July 12, 2012

MOVIES: Take This Waltz (Sarah Polley, 2012)

Sarah Polley's Take This Waltz isn't quite at the level of her directing debut, Away From Her, but it's a very good movie with three terrific central performances.

Michelle Williams and Seth Rogen are Margot and Lou, a couple nearing their fifth anniversary; they're struggling a bit with the transition from the passion of the early years to the cozy domesticity of the middle years. Neither one is willing to admit that there's a problem, and they're trying frantically to pretend that they still have the romantic fire they had as newlyweds, but we can see how hard they're working to make that fire happen.

So when Margot meets the charming Daniel (Luke Kirby) on a business trip, and he turns out to have just moved into the house across the street, she finds herself torn between loyalty to Lou and the temptation of something new and exciting. It's not a comfortable place for her to be; "I don't like being in between things," she tells Daniel (the dialogue is occasionally a bit clunkingly obvious, especially in the early going). Throw in Margot's apparent inability to ever be genuinely happy, and it's clear that this mess isn't going to end well for anyone.

There are a few problems with the movie. Margot and Lou seem to have an awfully nice home, given that she's a struggling writer and he's a cookbook author. Daniel's quirky charm is painted on rather too thick (not only is he an artist, but he supports himself by pulling tourists around the city in a rickshaw). And Sarah Silverman is (as always) a waste of time in her small role as Daniel's troubled sister.

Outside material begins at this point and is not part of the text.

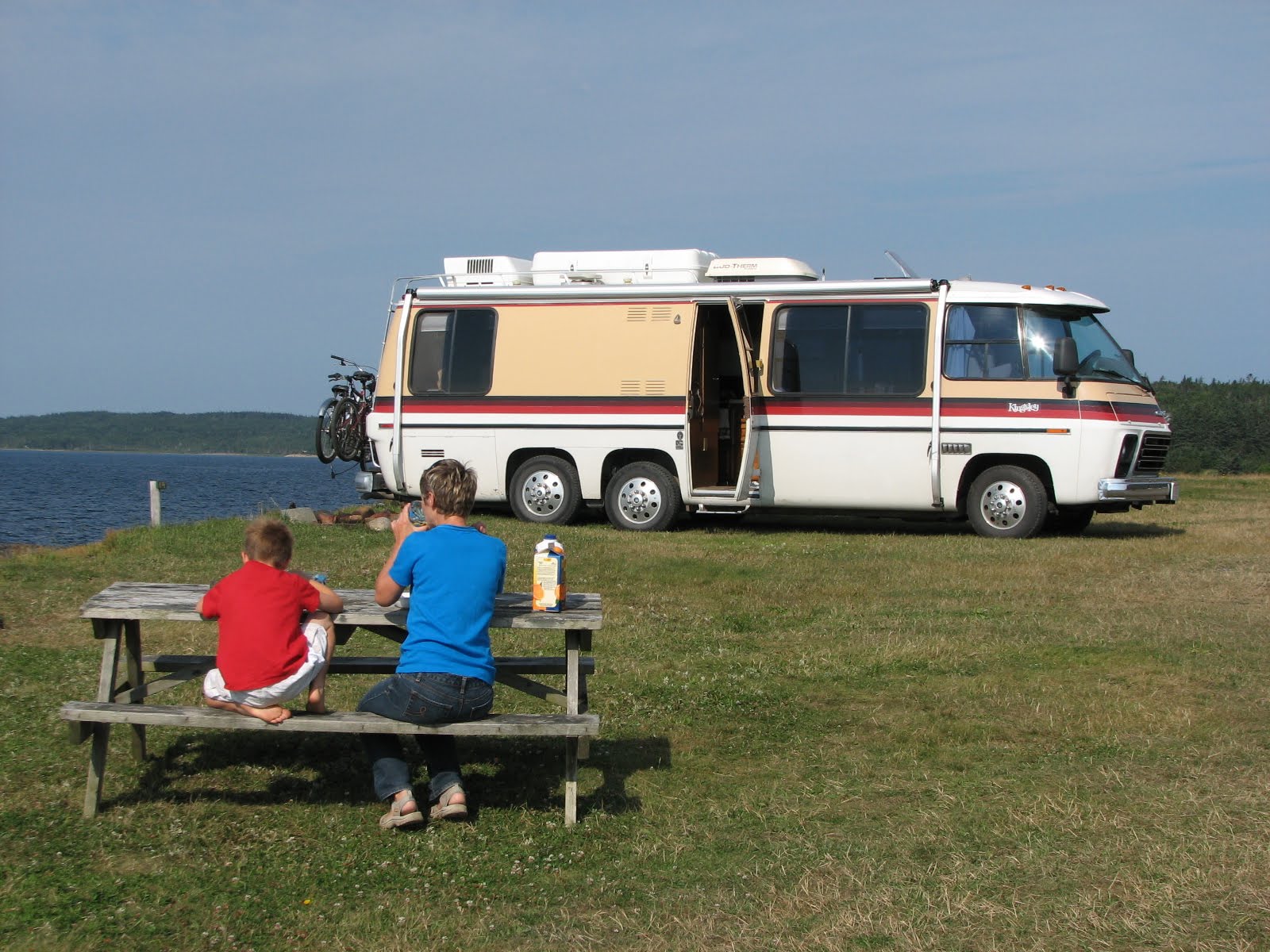 Fifteen minutes further north is Parker’s Cove and a terraced grassy campground looking over the Bay of Fundy and a (slightly) heated pool. It is apparently the only four star campground in Nova Scotia and is rather pleased with itself, to the extent that it is unnecessarily expensive. So we all had a go in the pool, despite the grey skies hovering overhead threatening rain. It hasn’t fallen yet and hopefully it won’t tomorrow, when we have a surprise treat for Tom. Not far from here is an old fashioned amusement park where we plan to have some old-fashioned amusement.

But there are some spectacular moments to be found -- a verbal seduction scene in which Daniel has Margot melting in her seat without a single touch (and to be honest, I was wiping my own brow a bit), a falling-in-love scene set to "Video Killed the Radio Star." And the actors are marvelous. Rogen doesn't get a role this serious very often, and he rises to the challenge; Kirby is more than just a pretty face (though he certainly is that); and both men are entirely compelling as they struggle to please a woman who's too indecisive to know what she wants.

And Williams adds to her quickly growing list of remarkable performances. Passive is a hard thing for most actors to play, because it's not a very likable quality, but Williams is entirely willing not to be liked. Margot is not someone who takes charge of her life; she is someone to whom life happens. Williams brings her so vividly to life that by the end of the movie, it doesn't really matter whether the plot leaves her with Lou or Daniel; the tragedy of her life is that she's never going to be happy, no matter who she's with.